With a view to taking account of these recommendations, the Deputy will be aware that an Education (Miscellaneous Provisions) Bill has been included in the Government’s Legislation Programme. This will be a focused piece of legislation the principal purpose of which will be to amend section 29 of the Education Act.
I believe that all students have the right to learn and every teacher has the right to teach in a positive environment. To this end, immediately after receiving the report of the Task Force, I announced a series of measures to promote positive behaviour in our second level schools, of which amending the legislation is just one.
Staff, including psychologists, are currently being recruited for these teams and they will be in place from the start of the next school year. They will look at every aspect of the school from the type of community it is serving, to the effectiveness of the code of behaviour, the appropriateness of the curriculum and the level of engagement with parents. They will bring with them an awareness of the strategies that have helped schools facing similar challenges to maintain a positive climate.
The team will be able to identify schools which would benefit from having ’behaviour support classrooms’ where students who are seriously misbehaving will be taught in small groups until they are ready to return to the classroom. The emphasis in the special support rooms will be on finding out why students are misbehaving and helping them to change.
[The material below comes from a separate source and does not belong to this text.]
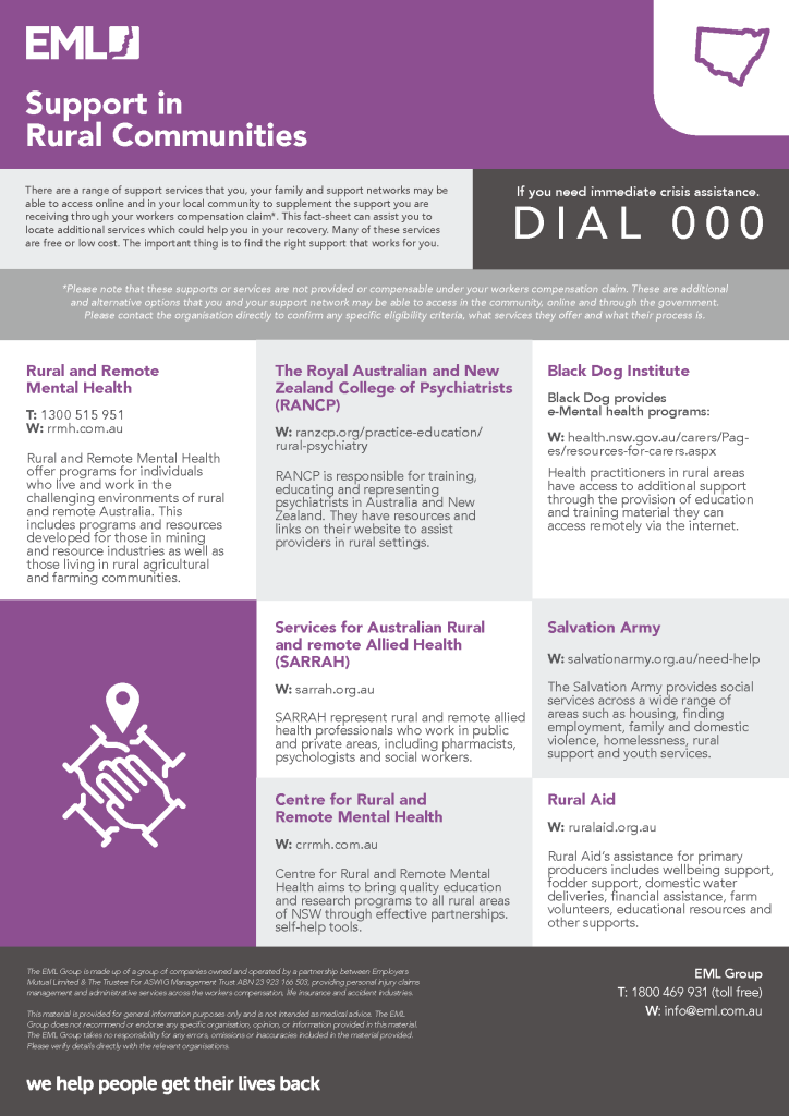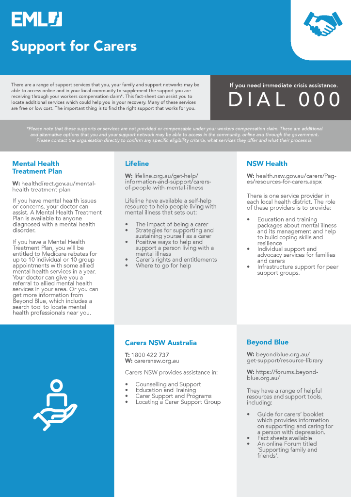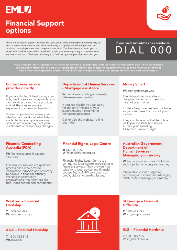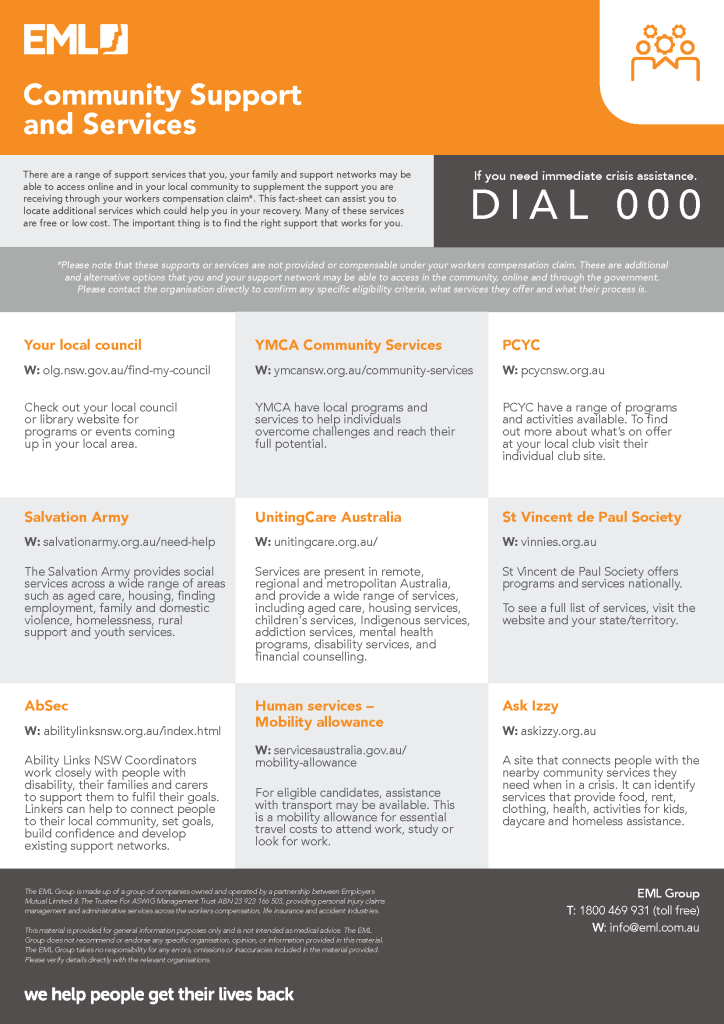 *Please note that these supports or services are not provided or compensable under your workers compensation claim. These are additional and alternative options that you and your support network may be able to access in the community, online and through the government. Please contact the organisation directly to confirm any specific eligibility criteria, what services they offer and what their process is.

Apart from the Behaviour Support Service, there will also be training for teachers that are having difficulties maintaining good behaviour in their classrooms and an increased availability of alternative programmes to the standard Junior and Leaving Cert exams which are more practical and of more interest to some students than the traditional exam routes. The availability of alternative programmes outside the school system such as Youthreach is also being reviewed.